What you should do
Lines from the one with "学校持续推进岗课赛证综合育人" up to and including the one with "1973 Summit Point" are to be copied exactly from the records below, without their pictures.

Data items
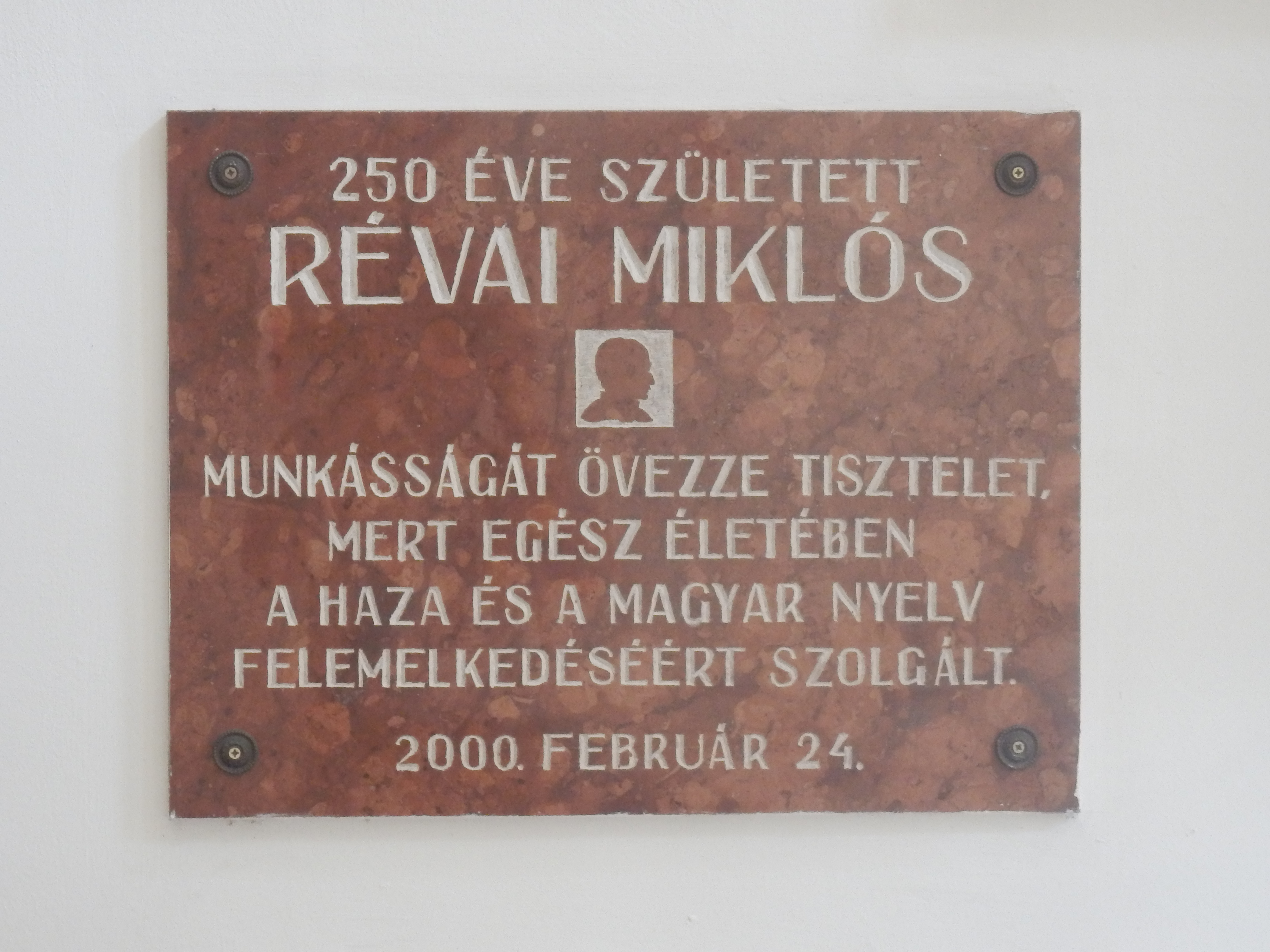 Révai Miklós emléktáblája a főbejárat melletti falon
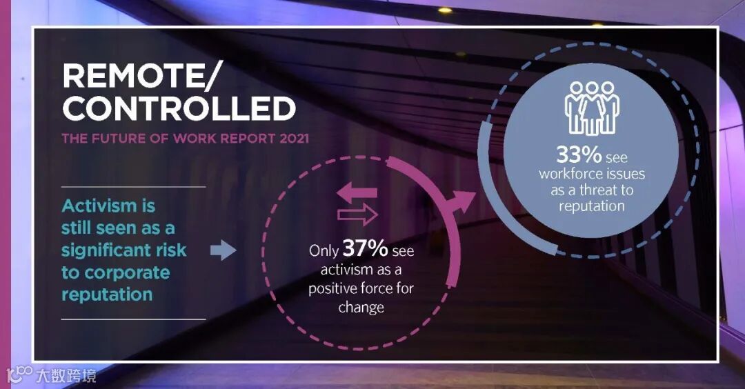疫情分散了人们对现有职场趋势的注意力,并给我们对未来的看法蒙上了一层阴影。2019年,57%受访者认为自动化和人工智能是员工行动主义活动的最重要触发因素。到2021年,这一比例降至41%,但这并不意味着自动化在行动主义方面的风险更小。
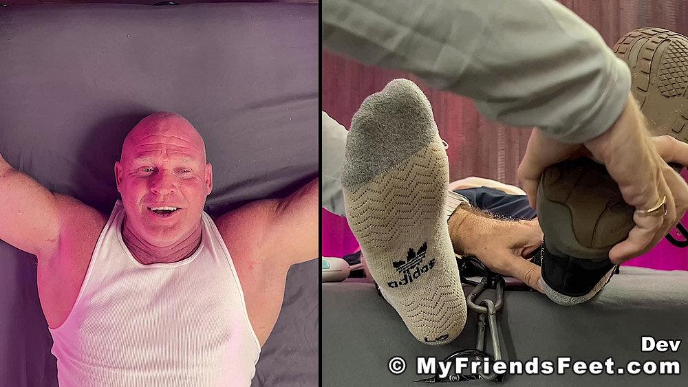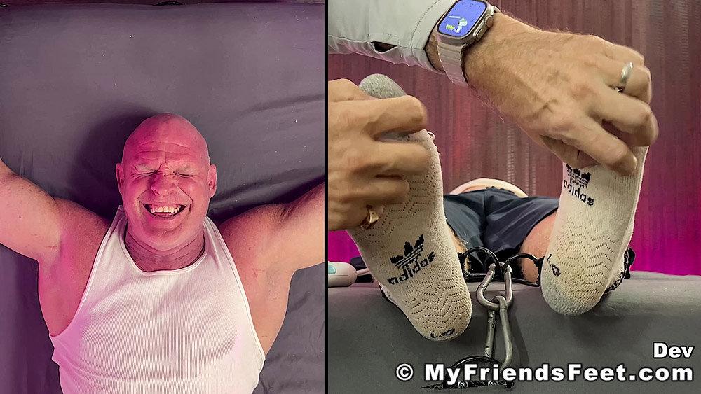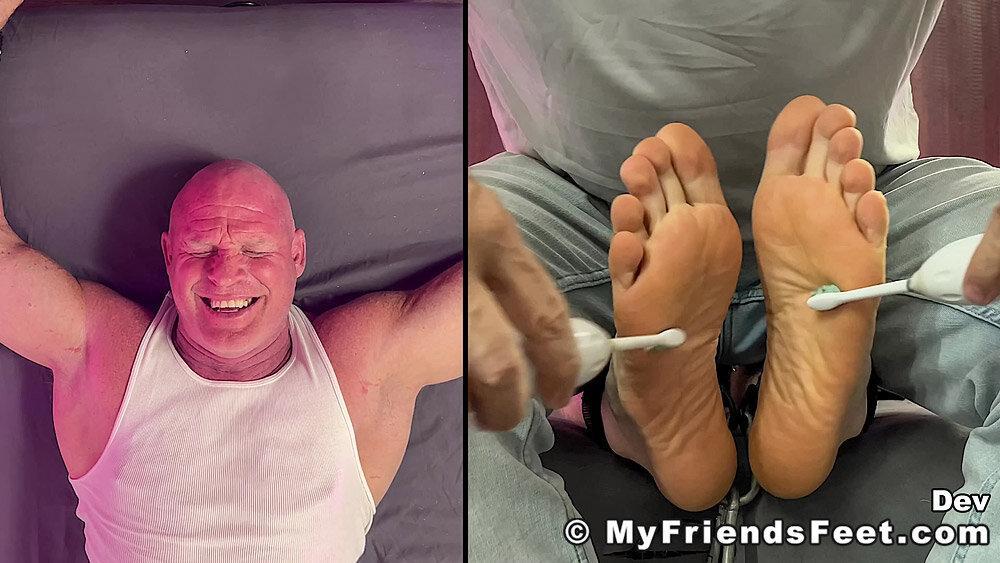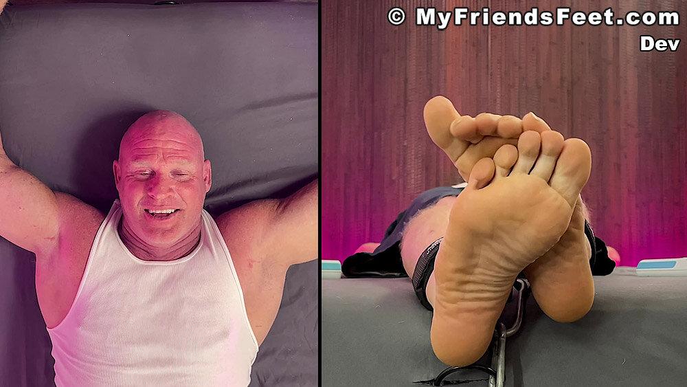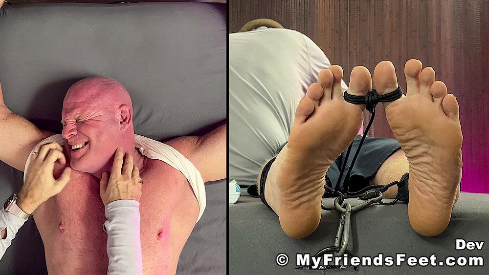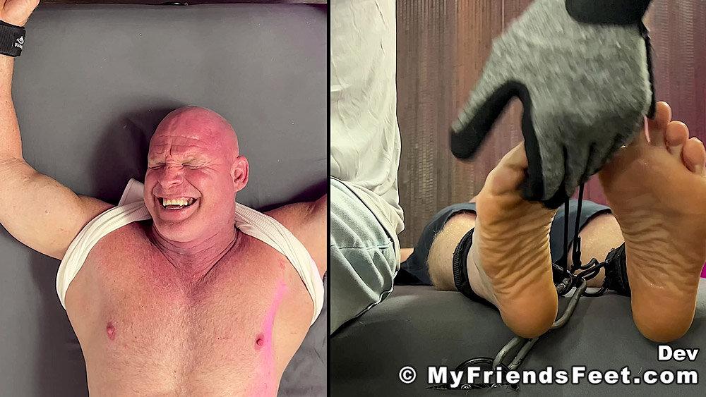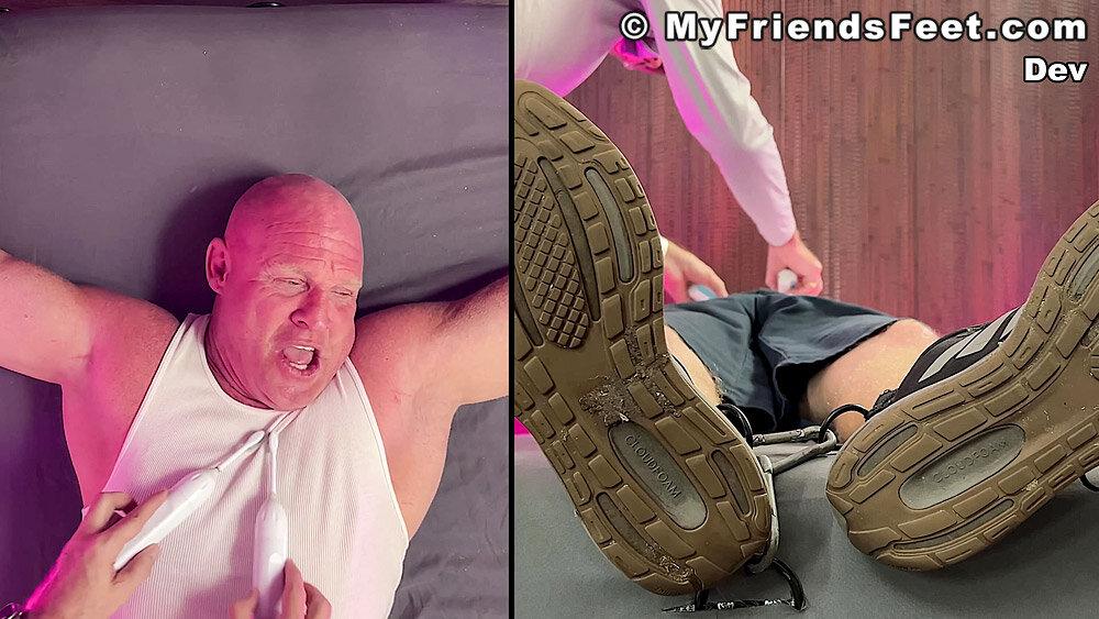 “‘I’m not laughing today!’ Yeah! Well, looks like that was a lie! Dev is restrained with his arms above his head and simply using the electric toothbrushes gets the giggles rolling. I make sure to work Dev’s entire body from his pits to his feet. No where for you to go Dev! We get to see all of your reactions as well with the split screen! Happy Tickles, Dev!”
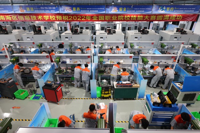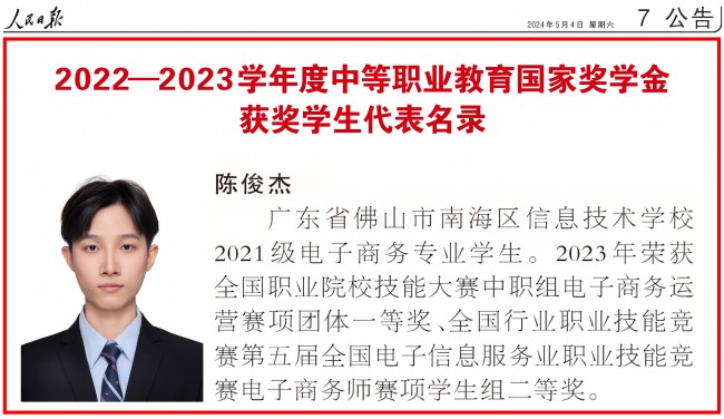 学校持续推进岗课赛证综合育人改革模式,通过赛教融通、赛课融合,不断提升人才培养质量。机电专业优秀毕业生吴龙辉登顶第47届世界技能大赛,优秀学子连续三年荣登《人民日报》百名学生代表名录,学校连续五年获省赛一等奖总量全省第一。2019年至今,获世界赛金牌1项,国赛一等奖8项、二等奖6项,省赛一等奖95项、二等奖38项,163名学生通过技能竞赛获奖免试升学到深职大等知名高职院校,42名同学获得国家奖学金。
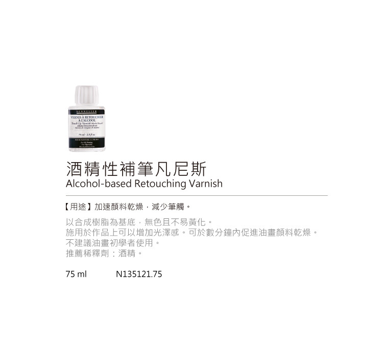 ●施用於作品上可以增加光澤感。可於數分鐘內促進油畫顏料乾燥。
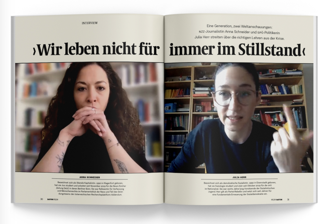 Eine Generation, zwei Weltanschauungen: NZZ-Journlistin Anna Schneider und SPÖ-Politikerin Julia Herr streiten über die richtigen Lehren aus der Krise.
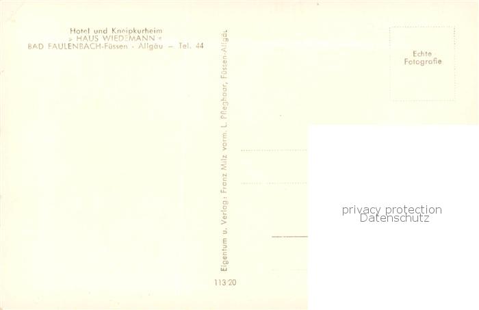 73800823 Bad Faulenbach Haus Wiedemann postalisch nicht gelaufen Erhaltung siehe scans [WerneD78] KatCode: 11110009777129
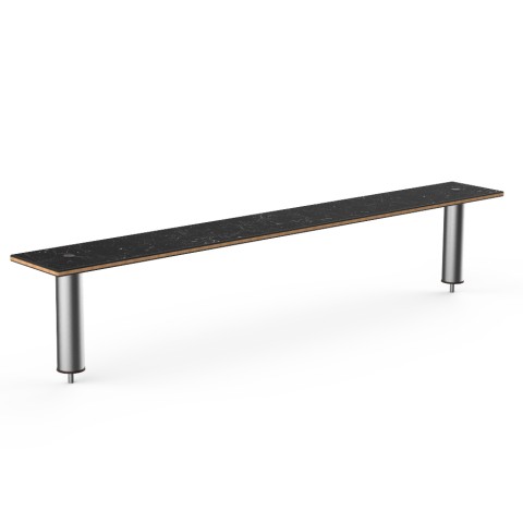 Mogogo Buffet Solutions Modular Classic Shelf, 71" x 9-1/2" x 12-1/2"H, large, rectangular, for basic, standard, & classic tables, Nero Marquina marble BHP high pressure laminate with bamboo core top, brushed stainless steel segments
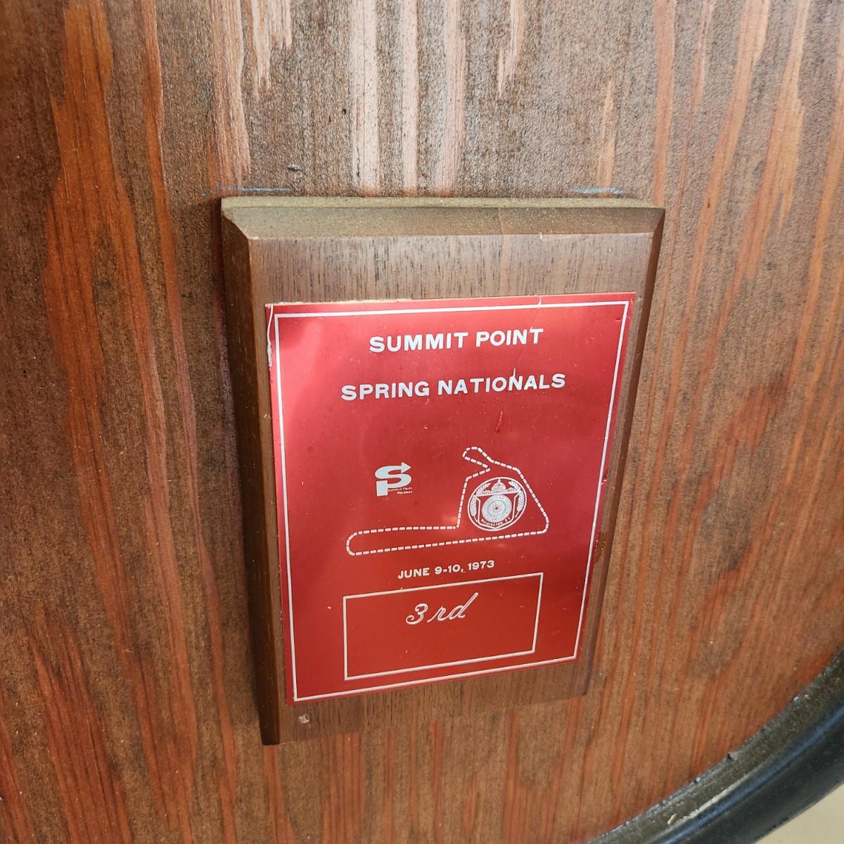1973 Summit Point Spring Nationals Award with Vintage Goodyear Racing Tire
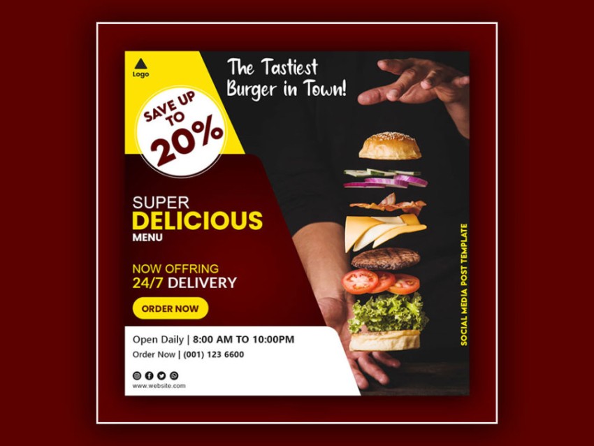 delicious burger social media post banner template food menu chicken banner restaurant post food sale restaurant promotion instagram discount healthy food delicious burger banner design burger king post design media banner vector images ads design modern breakfast tomato graphic realistic burger images background brochure layout special feed advertising hamburger marketing lunch fast foodSimilar Photos
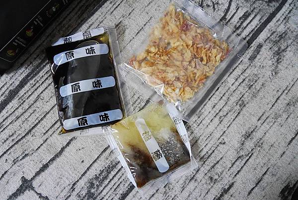 他跟油蔥包裝差不多,麵條都有盒子做保護加上三款醬包
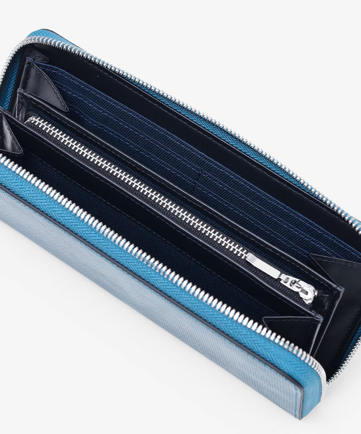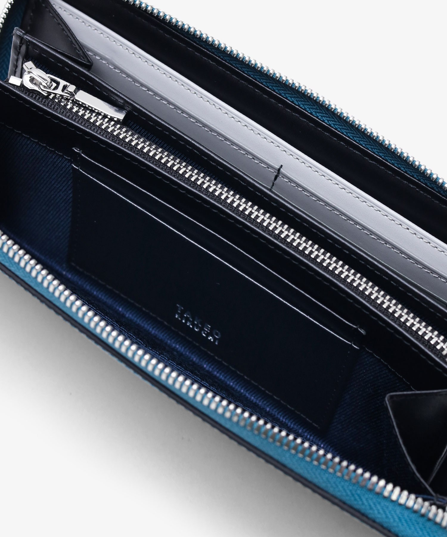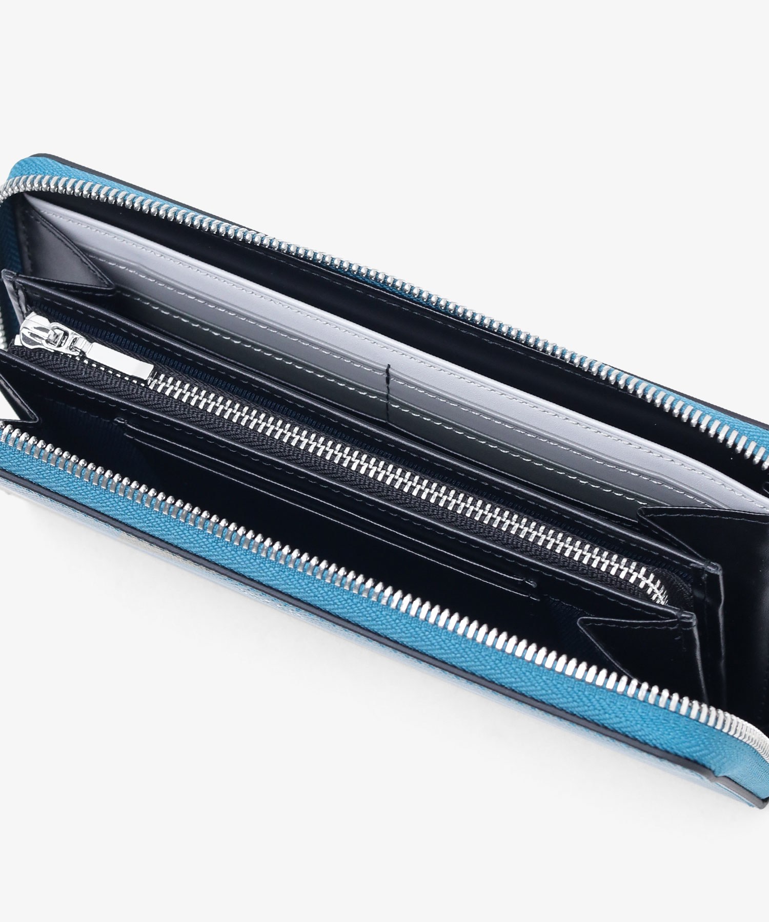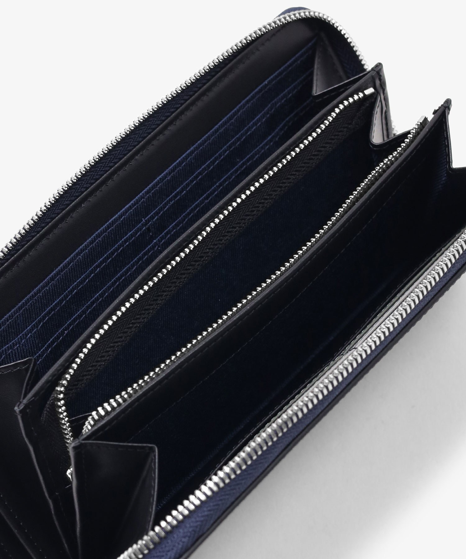 14枚分のカードポケットと2室構造の札入れ、小銭入れに加え、2つのポケットを装備。充実した収納力と実用性を兼ね備えています。ファスナーで大きく開く仕様により、視認性が高く出し入れもスムーズです。

Solution to this problem
 学校持续推进岗课赛证综合育人改革模式,通过赛教融通、赛课融合,不断提升人才培养质量。机电专业优秀毕业生吴龙辉登顶第47届世界技能大赛,优秀学子连续三年荣登《人民日报》百名学生代表名录,学校连续五年获省赛一等奖总量全省第一。2019年至今,获世界赛金牌1项,国赛一等奖8项、二等奖6项,省赛一等奖95项、二等奖38项,163名学生通过技能竞赛获奖免试升学到深职大等知名高职院校,42名同学获得国家奖学金。
 ●施用於作品上可以增加光澤感。可於數分鐘內促進油畫顏料乾燥。
 Eine Generation, zwei Weltanschauungen: NZZ-Journlistin Anna Schneider und SPÖ-Politikerin Julia Herr streiten über die richtigen Lehren aus der Krise.
 73800823 Bad Faulenbach Haus Wiedemann postalisch nicht gelaufen Erhaltung siehe scans [WerneD78] KatCode: 11110009777129
 Mogogo Buffet Solutions Modular Classic Shelf, 71" x 9-1/2" x 12-1/2"H, large, rectangular, for basic, standard, & classic tables, Nero Marquina marble BHP high pressure laminate with bamboo core top, brushed stainless steel segments
1973 Summit Point Spring Nationals Award with Vintage Goodyear Racing Tire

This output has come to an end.